Materials: “Tropical Regions.” Macmillan Social Studies, 1987-passage. pp. 192-196., notebook paper, pencils, checklist for assessment of summarization rules:

 1.  Deleted redundant information   ______
 2.  Found and used keyword terms  ______
 3.  Created and used topic sentence ______
 4.  Took out unneeded information ______ 

Procedure:
1. Ask students, have you ever read something and did not understand what you had just read when you were finished?  Tell the students it is important to understand what we read.  One way we can do this is through using a strategy called summarization, which helps us to recognize the main ideas in a passage.  Today, we are going to learn how to summarize a passage about tropical regions of the Amazon inBrazil.

2. Introduce the "Tropical Regions" passage to the children.  Tropical regions are areas found in various parts of the world, mostly in South America.  The temperature is hot and humid and many exotic animals live there.  The people who live in tropical regions live very different lifestyles from the way we do.  The children will read this silently.  Ways to do this are to use a quiet, whispering voice and to vaguely move your lips if at all.  Tell them to read the words in their heads without much vocal movement.  Remind the children that this allows them to read at their own pace.

3. After silent reading, the class will have a question and answer time, so they will understand the necessity of realizing the main ideas.  I will ask a few questions that are important to understanding tropical regions ("Why is rain necessary in the Amazon?") and ones that are not as important in comprehending the main idea because they provide little relative information ("What is the tallest tree in the rain forest?").

 4. Explain that there is no way we can remember every detail, so that is why we need to summarize our readings to remember the most important information.  Model summarizing one part of the passage of "Tropical Regions".  Most of Brazil consists of a tropical region called the Amazon rain forest.  The weather is unusually humid instead of dry.  (Hang up checklist with the four summarization rules listed).  There are four rules that can help us summarize what we read.  Let's go through them:  1) Take out parts of the passage that would not change the main idea if it were left out.  For example, the age of the trees in the rain forests is not significant in understanding tropical regions.  2) Take out redundant information.  For example, if the sentence said, the trees grow and grow.

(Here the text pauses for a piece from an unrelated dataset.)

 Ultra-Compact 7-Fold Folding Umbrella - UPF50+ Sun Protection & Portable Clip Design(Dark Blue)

The trees eventually grow very tall.  The main idea is that trees grow tall in the Amazon.  3) Find a keyword that can represent a list of items.  Instead of saying that bamboo, rubber, palm, rosewood, vines, and ferns grow in the rain forest; say that various exotic plants grow in the rain forest.  4) Select a topic sentence.  For example, tropical regions consist of humid rain forests, which contain a variety of exotic plants and animals.

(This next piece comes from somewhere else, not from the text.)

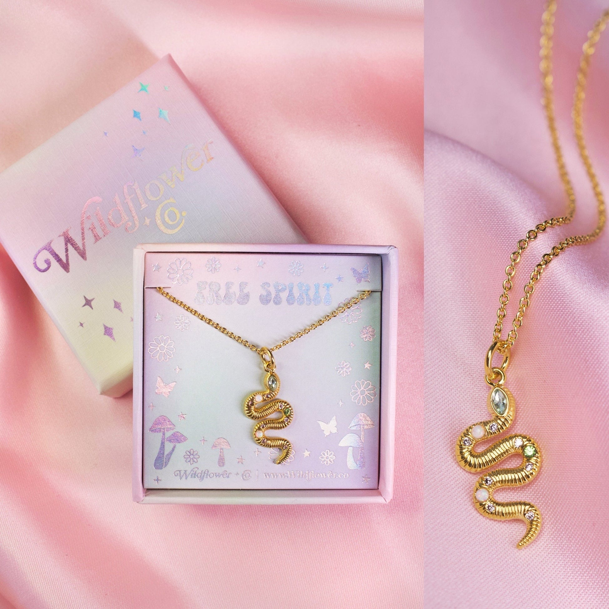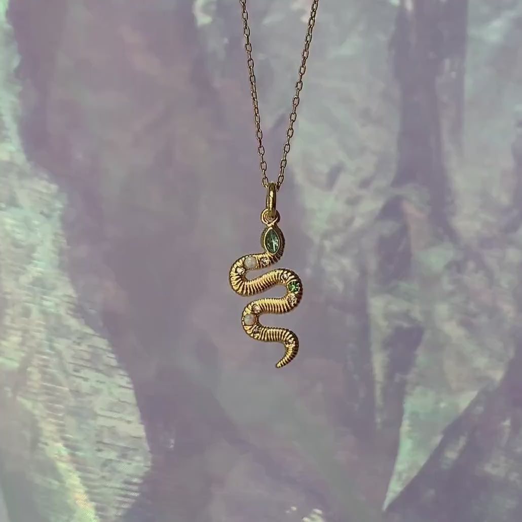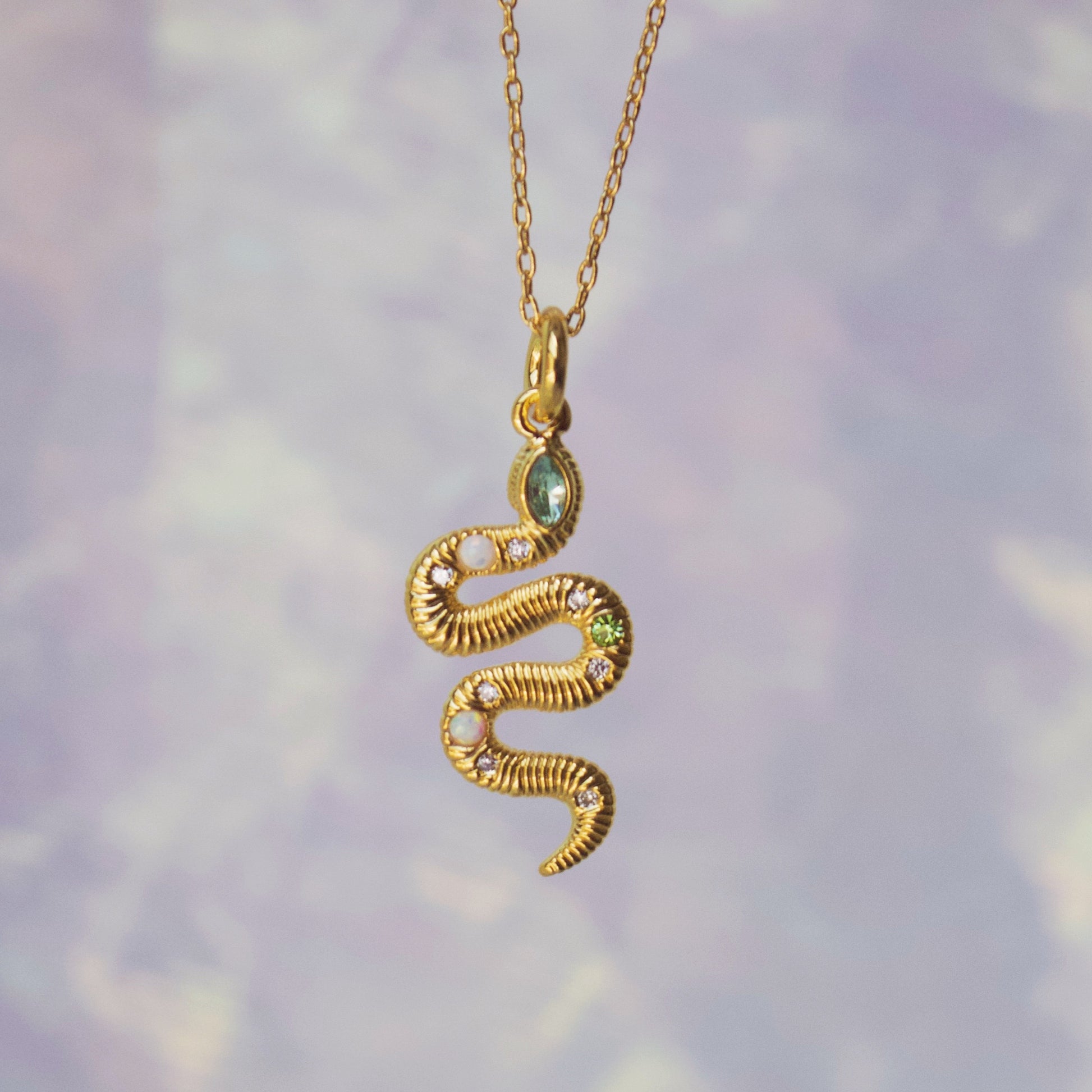 Our newest Serpent or Snake Charm Necklace - Pendant is srsly gorgeous! Body is intricately detailed with delicate synthetic opals, peridot green crystals & dipped in gold.

5. I will divide the class into partner groups.  They will read the "Tropical Regions" passage again, following the summarization rules.  The groups will be responsible for coming up with two or three sentences summarizing the passage.  I will have each group come up and share their summaries with the whole class.  Then, we will compare summarizations among the groups to see how close they were in selecting the main information.

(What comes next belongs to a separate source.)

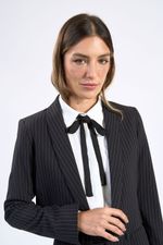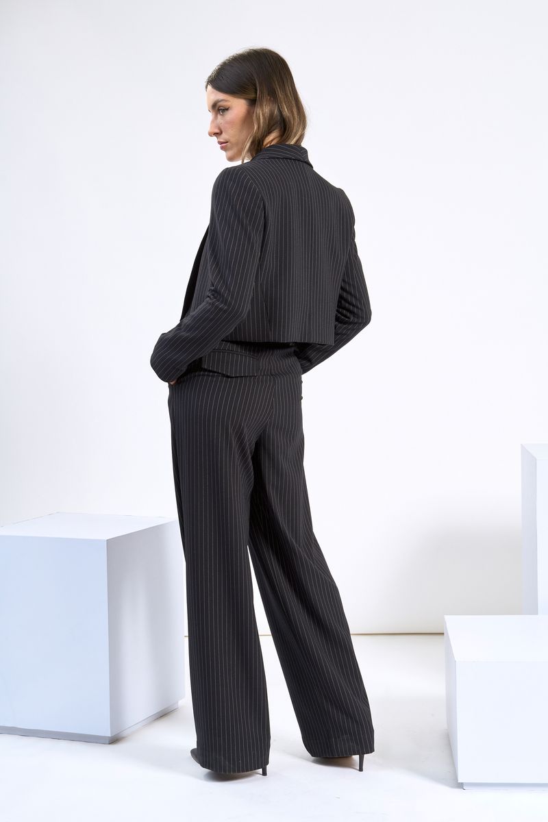 O spencer smocking risca de giz tem um corte de alfaiataria impecável. confeccionado em tecido misto com toque macio e ótimo caimento, proporcionando conforto e fluidez. todo forrado por dentro, estruturado e aberto na frente. modelagem smocking, com gola xale e comprimento cropped. detalhe de fendas curtas nos punhos.
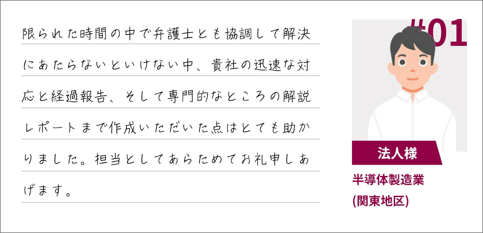 お客さまのトラブルを必ず解決できると断言はできません。過去にくやしい思いをしたこともあります。それでもお客さまが最後にガッツポーズでできるように、精一杯の準備と挑戦を続ける所存です。

 6. Assessment:  I will give students a passage to read and have them summarize it on notebook paper.  I will use a checklist containing the summarization rules and check off each rule as it is applied.
      

References:
1. Leigh Anne Brace. So What Are You Trying To Say Here? htttp://www.auburn.edu/rdggenie/breakthroughs/bracerl.html. (2001).
2. Lindsey Champine. Let Me Tell You What I Know.
http://www.auburn.edu/rdggenie/breakthroughs/champinerl.html. (2001).
3. Pressley, M., Johnson, C., McGoldrick, J., and Kurita, J.  (1989).  "Strategies that Improve Children's Memory and Comprehension of Text."  The Elementary School Journal v. 90, no. 1, pp. 4-9.